“Common Lisp: The Untold Story”, Kent M. Pitman2008-10-20 (; backlinks)⁠:

…The original design of the Common Lisp language, culminating in the 1984 publication of Common Lisp: The Language was designed not by an ANSI committee but just by a set of interested individuals. I was not a founding member of the group, although my office-mate Guy Steele was. I was vaguely aware that there was some sort of thing afoot, but my specific involvement came slightly later through the same kind of accidental path that had led me to Lisp itself.

3.1 The INTERLISP Threat: Although I was not directly involved in how funding arrived to our group, I was vaguely aware that ARPA was very interested in being able to connect up the programs that resulted from research it had funded at various universities and research labs. Because many of these facilities used different dialects of LISP, ARPA was inclined to try to get them all to use the same dialect. They were leaning toward concluding that INTERLISP was the dialect of choice because it seemed to be deployed at more locations than any other single dialect, but a case was made that many MACLISP variants were really the same dialect and could be collected under a single Common Lisp banner.

In part, this was an issue of simple territorialism. The MIT crowd would have preferred to use a dialect of Lisp more similar to the MACLISP dialect it had been using. But at another level, there was perceived to be a serious technical issue: INTERLISP was perceived as a very complex design, including a very controversial facility called DWIM, that many felt would not be a suitable base for the kind of system programming that MACLISP programmers were used to doing.

In effect, there was a fight to the death between Common Lisp and INTERLISP because ARPA was not willing to fund work in both dialects going forward. And after Common Lisp: The Language was published, Common Lisp succeeded and INTERLISP largely disappeared within a small number of years.

This was unfortunate, of course, because although the nascent Common Lisp community really didn’t desire to destroy all of that investment in INTERLISP, they did simply want to survive. The INTERLISP community was renowned for its user interfaces, for example. Someone once observed to me, however, that the cost of any such battle is that later the individuals who have lost out or otherwise been alienated will eventually need to be repatriated with the community. At that point, some compromise is often needed in order to bring them back.

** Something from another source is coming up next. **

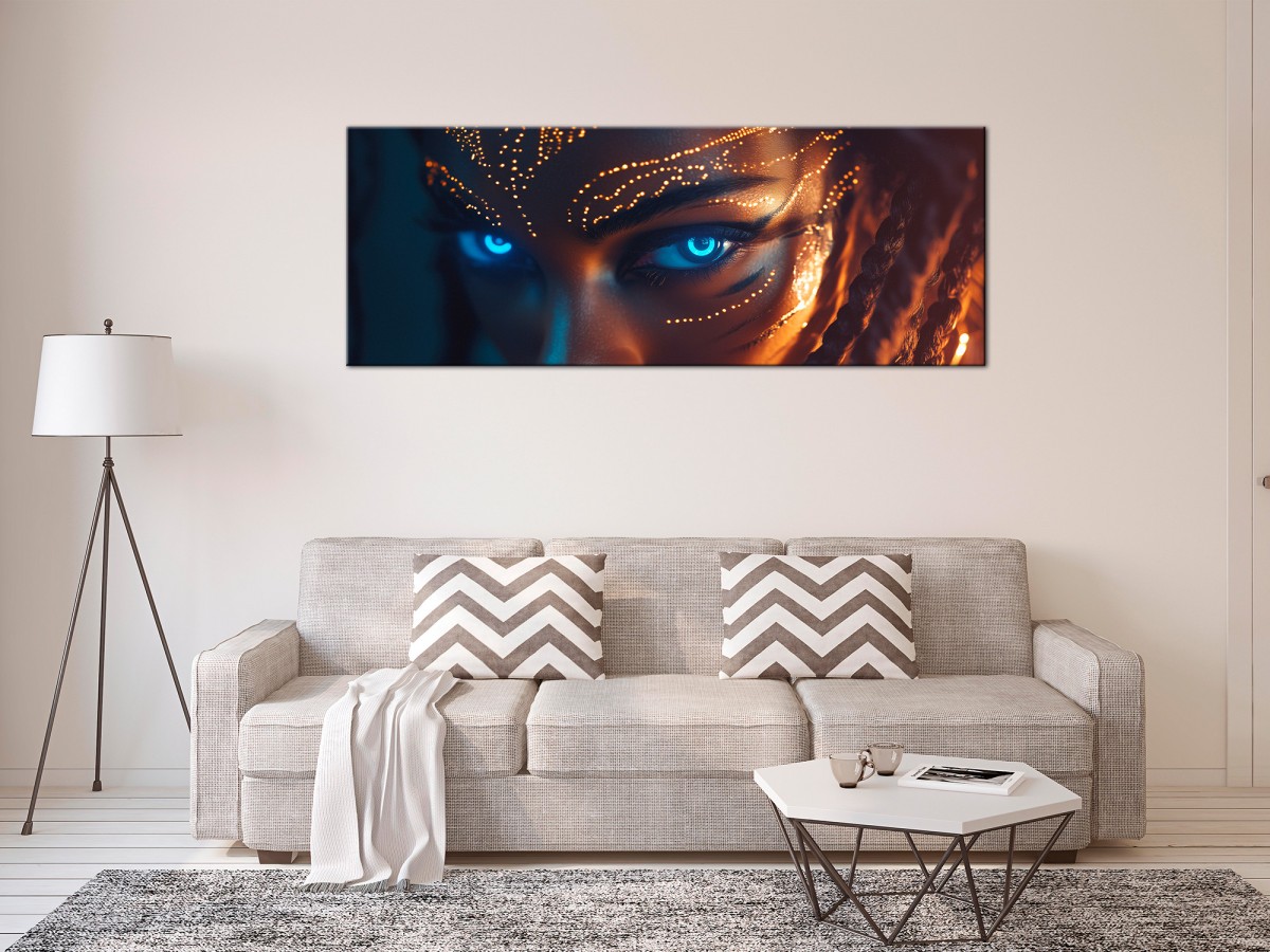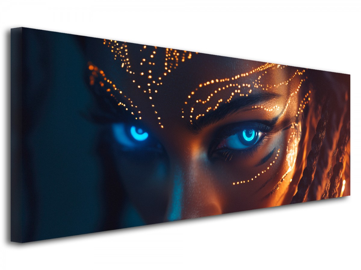 Le tableau ""Regard luminescent bleu"" de très haute qualité est le fruit du travail d’une équipe de designers très talentueux parmi lesquels se trouvent de jeunes artistes, graphistes et photographes avec les têtes pleines d’idées. Le tableau qui vous a intéressé est une combinaison d’une impression de la plus haute qualité, d’un travail manuel soigné et des meilleurs matériaux.

5.2 Early Politics and Posturing

Never having been part of a formal standards process, I didn’t quite know what to expect. The very fact that there are a lot of rules was very daunting and confusing. Work was divided up. Committees were assigned to work on various subtasks…the notes include these remarks:

I don’t know if these things really aptly described what was actually going on. They may have been, in some cases. They are just the personal guesses of someone who was new to the process and struggling to understand it. But I think it’s fair to say that early in the standards process there was a lot of tactical posturing between the committees.

It’s equally reasonable to note that while inter-corporate tactical posturing may have appeared to serve the individual vendors represented, it probably kept the vendors from cooperating in ways that later turned out to be essential. Before the process could move forward, a new understanding would have to be reached where we started to work more together, and less at odds with one another.